[Excerpts from a dataset]
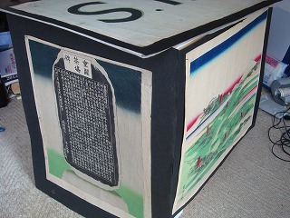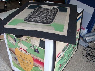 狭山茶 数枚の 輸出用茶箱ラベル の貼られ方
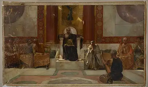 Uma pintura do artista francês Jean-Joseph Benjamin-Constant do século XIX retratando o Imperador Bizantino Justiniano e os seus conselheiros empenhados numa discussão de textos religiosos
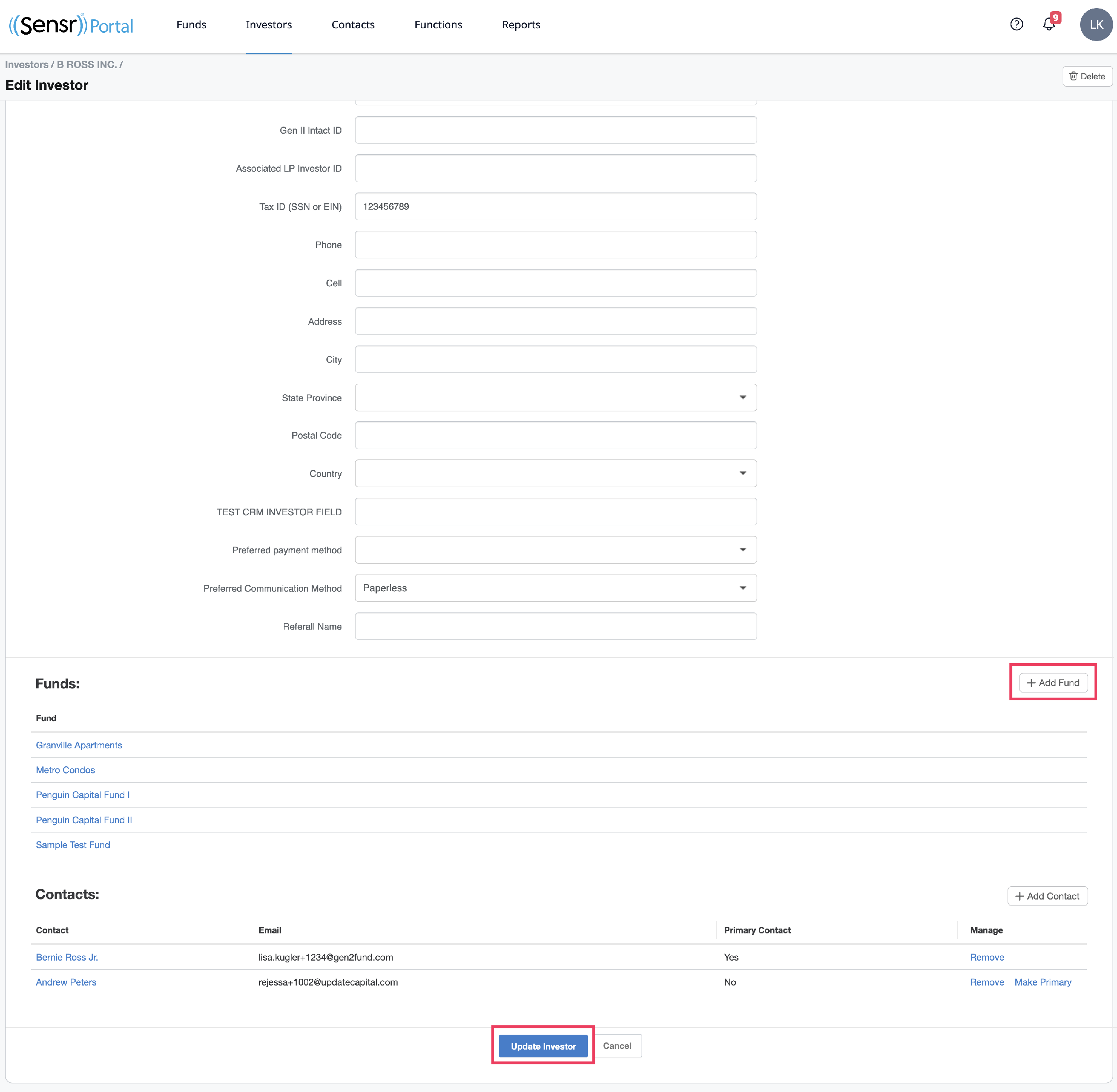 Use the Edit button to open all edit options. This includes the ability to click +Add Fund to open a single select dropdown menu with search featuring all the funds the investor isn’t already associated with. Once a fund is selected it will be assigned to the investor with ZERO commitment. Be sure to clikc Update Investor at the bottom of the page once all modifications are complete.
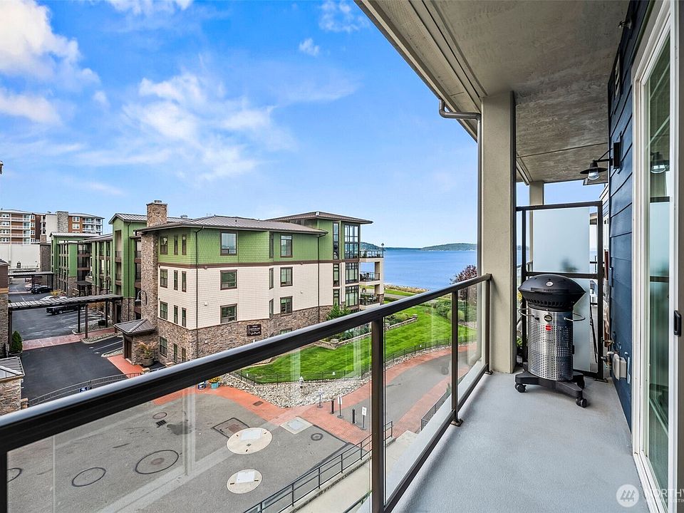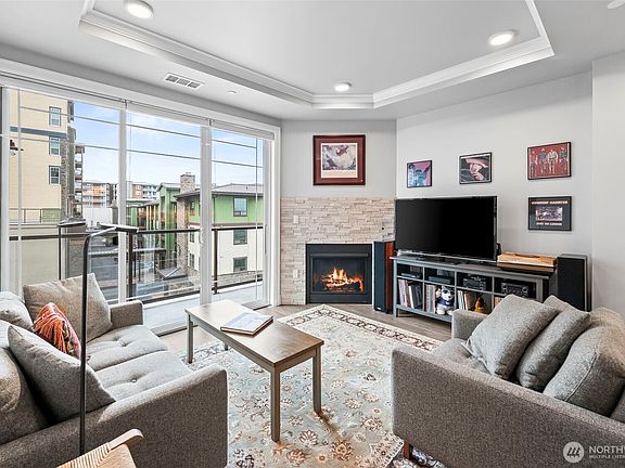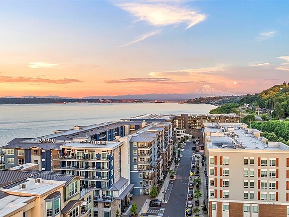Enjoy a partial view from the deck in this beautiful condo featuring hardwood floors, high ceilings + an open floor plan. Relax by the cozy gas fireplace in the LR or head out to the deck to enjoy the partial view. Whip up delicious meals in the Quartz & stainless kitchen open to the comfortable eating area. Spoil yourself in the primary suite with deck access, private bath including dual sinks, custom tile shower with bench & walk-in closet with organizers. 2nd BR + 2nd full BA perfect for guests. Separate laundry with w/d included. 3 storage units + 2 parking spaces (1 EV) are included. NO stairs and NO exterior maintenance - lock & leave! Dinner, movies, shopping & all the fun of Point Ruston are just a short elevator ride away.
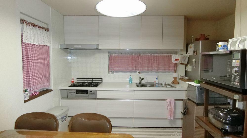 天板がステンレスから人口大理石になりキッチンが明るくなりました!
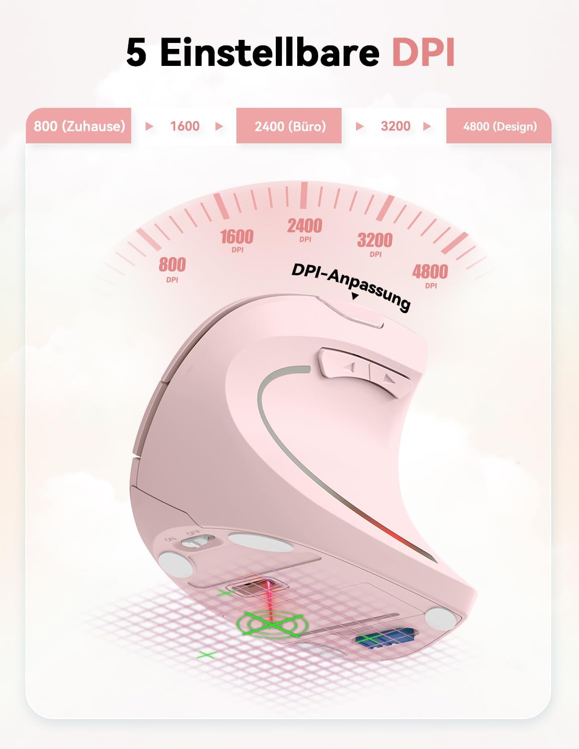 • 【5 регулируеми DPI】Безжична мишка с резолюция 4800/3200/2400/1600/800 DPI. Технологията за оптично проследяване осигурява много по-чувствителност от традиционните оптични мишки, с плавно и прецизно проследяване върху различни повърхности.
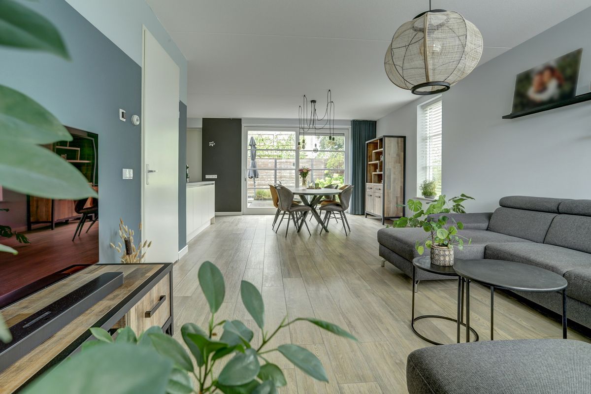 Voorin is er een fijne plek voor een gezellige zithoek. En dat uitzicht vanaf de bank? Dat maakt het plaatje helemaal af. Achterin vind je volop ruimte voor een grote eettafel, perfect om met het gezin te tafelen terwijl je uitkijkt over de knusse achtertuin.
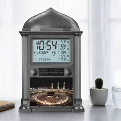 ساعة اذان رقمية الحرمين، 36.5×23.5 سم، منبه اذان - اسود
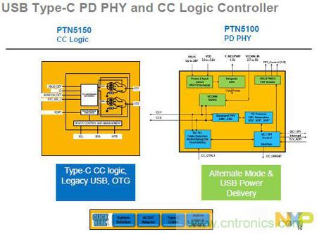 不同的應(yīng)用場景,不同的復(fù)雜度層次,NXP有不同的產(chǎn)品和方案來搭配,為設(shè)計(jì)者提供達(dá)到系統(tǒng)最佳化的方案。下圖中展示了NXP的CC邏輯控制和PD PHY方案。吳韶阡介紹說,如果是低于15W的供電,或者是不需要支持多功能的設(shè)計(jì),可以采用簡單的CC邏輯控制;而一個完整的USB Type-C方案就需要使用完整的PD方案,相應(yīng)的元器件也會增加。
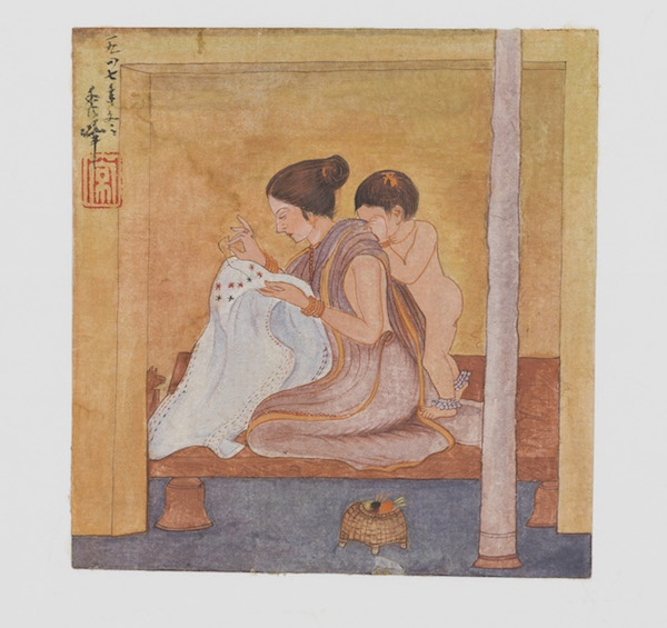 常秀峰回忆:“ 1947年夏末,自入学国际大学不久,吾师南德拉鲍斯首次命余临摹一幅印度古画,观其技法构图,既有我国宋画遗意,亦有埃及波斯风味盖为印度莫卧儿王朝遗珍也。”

Task requirements: Only the lines from the beginning of the records up to and including the line with "ساعة اذان رقمية" should appear, exactly as they are, and no pictures.

Task output:
 狭山茶 数枚の 輸出用茶箱ラベル の貼られ方
 Uma pintura do artista francês Jean-Joseph Benjamin-Constant do século XIX retratando o Imperador Bizantino Justiniano e os seus conselheiros empenhados numa discussão de textos religiosos
 Use the Edit button to open all edit options. This includes the ability to click +Add Fund to open a single select dropdown menu with search featuring all the funds the investor isn’t already associated with. Once a fund is selected it will be assigned to the investor with ZERO commitment. Be sure to clikc Update Investor at the bottom of the page once all modifications are complete.
Enjoy a partial view from the deck in this beautiful condo featuring hardwood floors, high ceilings + an open floor plan. Relax by the cozy gas fireplace in the LR or head out to the deck to enjoy the partial view. Whip up delicious meals in the Quartz & stainless kitchen open to the comfortable eating area. Spoil yourself in the primary suite with deck access, private bath including dual sinks, custom tile shower with bench & walk-in closet with organizers. 2nd BR + 2nd full BA perfect for guests. Separate laundry with w/d included. 3 storage units + 2 parking spaces (1 EV) are included. NO stairs and NO exterior maintenance - lock & leave! Dinner, movies, shopping & all the fun of Point Ruston are just a short elevator ride away.
 天板がステンレスから人口大理石になりキッチンが明るくなりました!
 • 【5 регулируеми DPI】Безжична мишка с резолюция 4800/3200/2400/1600/800 DPI. Технологията за оптично проследяване осигурява много по-чувствителност от традиционните оптични мишки, с плавно и прецизно проследяване върху различни повърхности.
 Voorin is er een fijne plek voor een gezellige zithoek. En dat uitzicht vanaf de bank? Dat maakt het plaatje helemaal af. Achterin vind je volop ruimte voor een grote eettafel, perfect om met het gezin te tafelen terwijl je uitkijkt over de knusse achtertuin.
 ساعة اذان رقمية الحرمين، 36.5×23.5 سم، منبه اذان - اسود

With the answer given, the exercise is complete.